Next stop: Kansas City?

In late July, Thomas Deans, a PETA activist, contacted the Kansas City Parks and Recreation Department, requesting permission to place the statue in a public park for 30 days. Barnum and Bailey is coming to town on September 16 and PETA wanted to have the weeping animal set up by September 9. It only took a week for Parks to turn PETA down. On August 7, Shari Brown, an administrative assistant in the department, told Deans in an e-mail, "I have spoken with the Director of Parks and Recreation and other key officials and their response is no, because it contains a political statement."

PETA didn't like that rationale. This week, Martina Bernstein, an attorney for PETA, sent a letter to Parks' director, Mark McHenry. PETA, she wrote, was "puzzled" by the Parks' denial. She argued that a shackled elephant isn't political at all.

"This message is unmistakably humanitarian and ethical in nature -- intended to remind the public of the treatment elephants endure while constantly traveling and performing in circuses in which they are separated from their families and their natural environment," Berstein wrote. "Ella Phantzperil does not endorse any political candidates, proposes no legislative actions and does not have a political agenda of any kind. It is as unrelated to politics as the images of wildlife by Paul McMillan, currently on temporary display at Swope Park."

"Even assuming, for the sake of argument, that Ella Phantzperil did contain a political statement, this provides no basis for denying PETA's request," she continued. "It is a bedrock principle of Constitutional law that government may not restrict an expressive activity because of its content."

Too bad the request has nothing to do with the First Amendment, William Geary, an assistant city attorney, responded yesterday. In a letter to Berstein and Deans, Geary cited the Supreme Court in explaining that cities are at liberty to choose the monuments displayed in their public parks. To put Ella in a city green space, Geary argued, would be "asking the government, Kansas City, to speak in a way favorable to your viewpoint."

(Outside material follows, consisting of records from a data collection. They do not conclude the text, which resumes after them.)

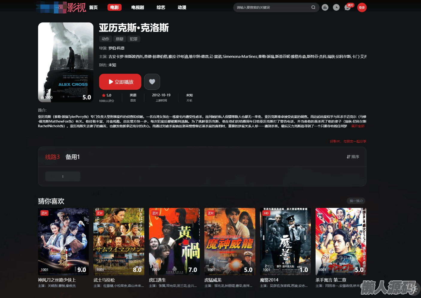 懒人源码 » 首涂第三十八套_仿爱电影模板 | 苹果CMS模板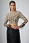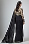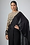 Featuring a black draped saree in georgette satin base. It is paired with a blouse. Accentuate it with zircon jewellery and heels for a sangeet or cocktail ceremony.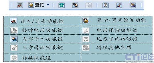基于業(yè)務(wù)支撐平臺(tái)的JTAPI開(kāi)發(fā)包所開(kāi)發(fā)的Applet程序,實(shí)現(xiàn)座席員所需要的話務(wù)功能,可以和頁(yè)面進(jìn)行交互;軟電話條如下: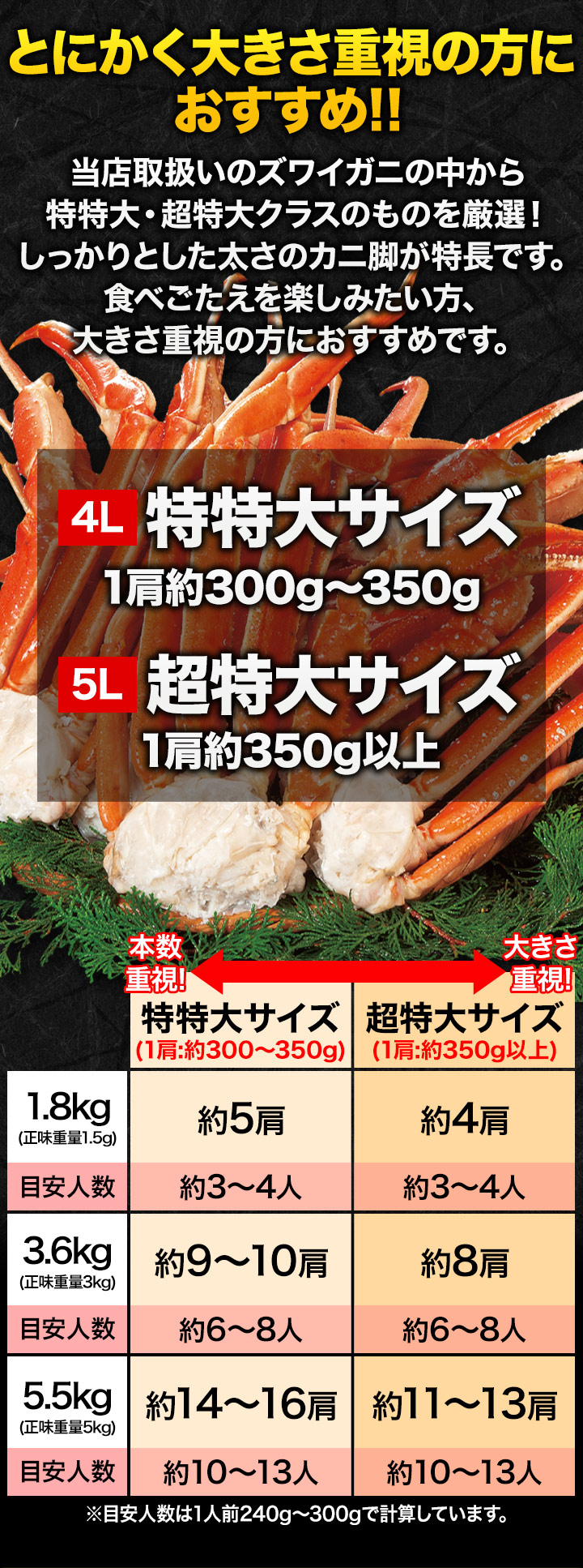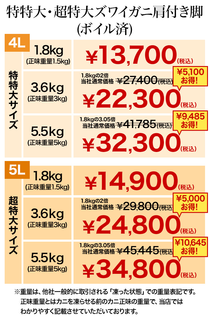 ※( )内の正味とは、グレーズを除いたカニのみの重量です。

"The placement of a 150 pound statue on a 700 pound base would insert the City and its Parks and Recreation Department into this public conversation even though we do not wish to engage in a conversation on what is appropriate character of treatment of elephants in a circus," he wrote.

Apparently, that letter wasn't enough to deter PETA -- the activists' legal team was still hard at work last night, crafting a response.